Description of the task: Reproduce verbatim all of the data given below, but do not carry over the images.

Data section:

━━━━━━━━━━━━━━━━━━━━

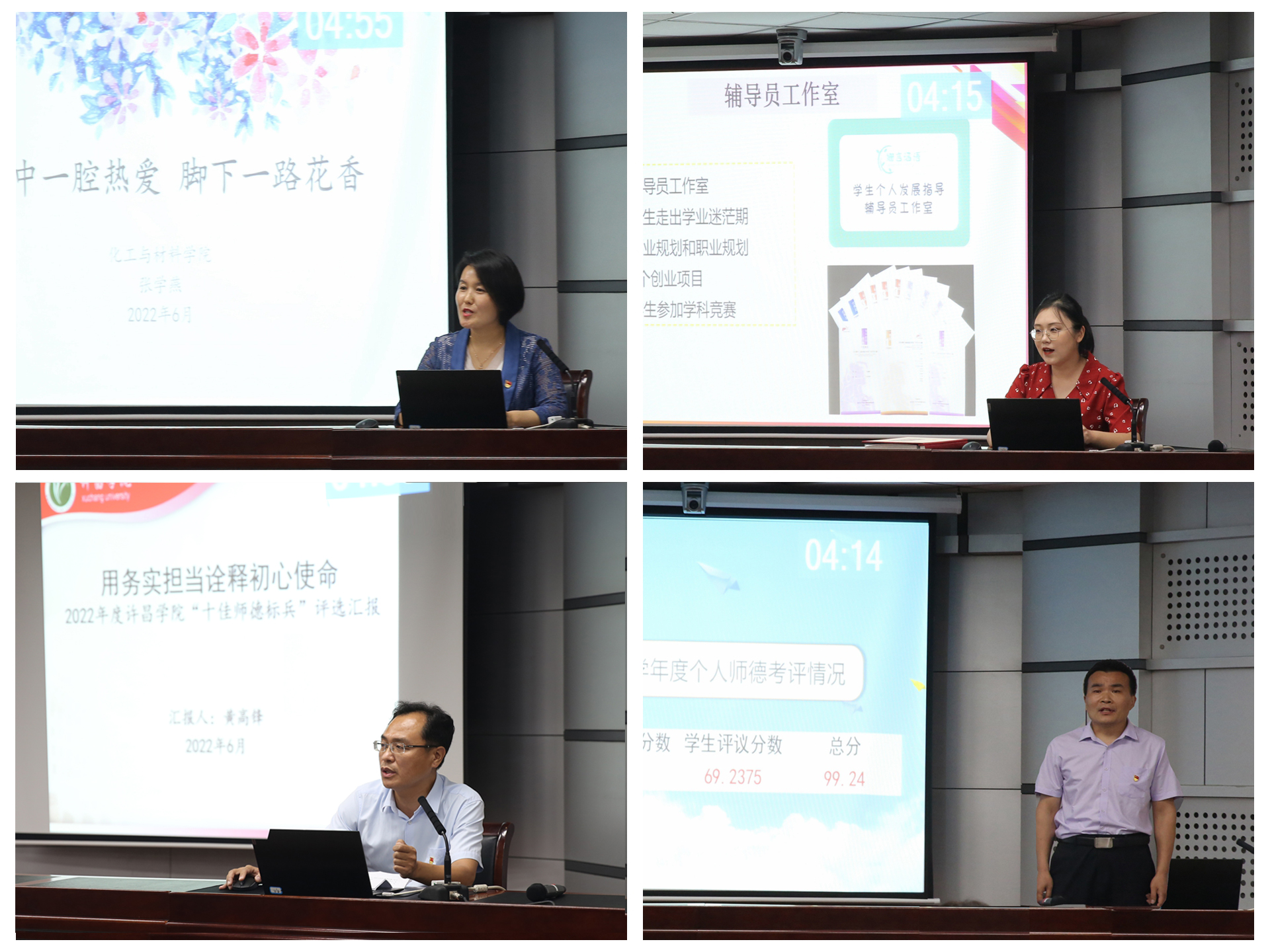6月16日,bet36体育在线在办公楼第三会议室举行2022年度“十佳师德标兵”评选汇报会。来自全校各单位的23位“十佳师德标兵”候选人进行了现场汇报。
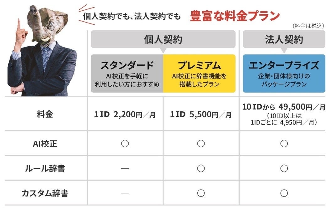 これまで文章校正に時間がかかっていた方の業務効率改善や誤植、不適切表現によるブランド棄損や炎上などのリスクマネジメントにも貢献します。個人契約については、14日間の無料トライアルを実施中です。
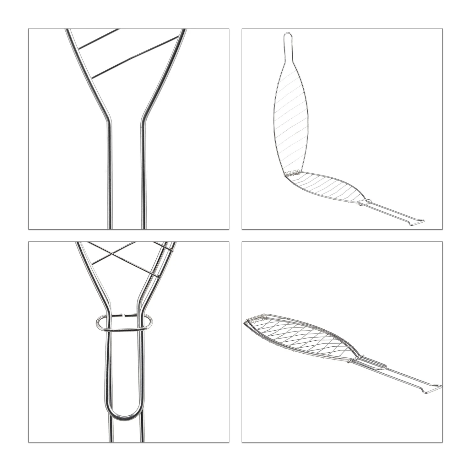 Verwöhne Deine Gäste beim Grillen mit leckeren Fischen. Dank der Fischbräter bringst du Abwechslung auf den Tisch. Ob Zander, Forelle oder Barsch – kleine bis mittlere Fische passen bequem auf die große Liegefläche des Fischgrillers. Die Oberseite der Fischgrillzange auf Edelstahl kann einfach aufgeklappt werden. Durch die leichte Biegung der Streben passen auch dickere Fische auf den Grill. Das 3er Set eignet sich zudem hervorragend zum Grillen von diversem Gemüse und Meeresfrüchten.

━━━━━━━━━━━━━━━━━━━━

Exercise answer:
6月16日,bet36体育在线在办公楼第三会议室举行2022年度“十佳师德标兵”评选汇报会。来自全校各单位的23位“十佳师德标兵”候选人进行了现场汇报。
 これまで文章校正に時間がかかっていた方の業務効率改善や誤植、不適切表現によるブランド棄損や炎上などのリスクマネジメントにも貢献します。個人契約については、14日間の無料トライアルを実施中です。
 Verwöhne Deine Gäste beim Grillen mit leckeren Fischen. Dank der Fischbräter bringst du Abwechslung auf den Tisch. Ob Zander, Forelle oder Barsch – kleine bis mittlere Fische passen bequem auf die große Liegefläche des Fischgrillers. Die Oberseite der Fischgrillzange auf Edelstahl kann einfach aufgeklappt werden. Durch die leichte Biegung der Streben passen auch dickere Fische auf den Grill. Das 3er Set eignet sich zudem hervorragend zum Grillen von diversem Gemüse und Meeresfrüchten.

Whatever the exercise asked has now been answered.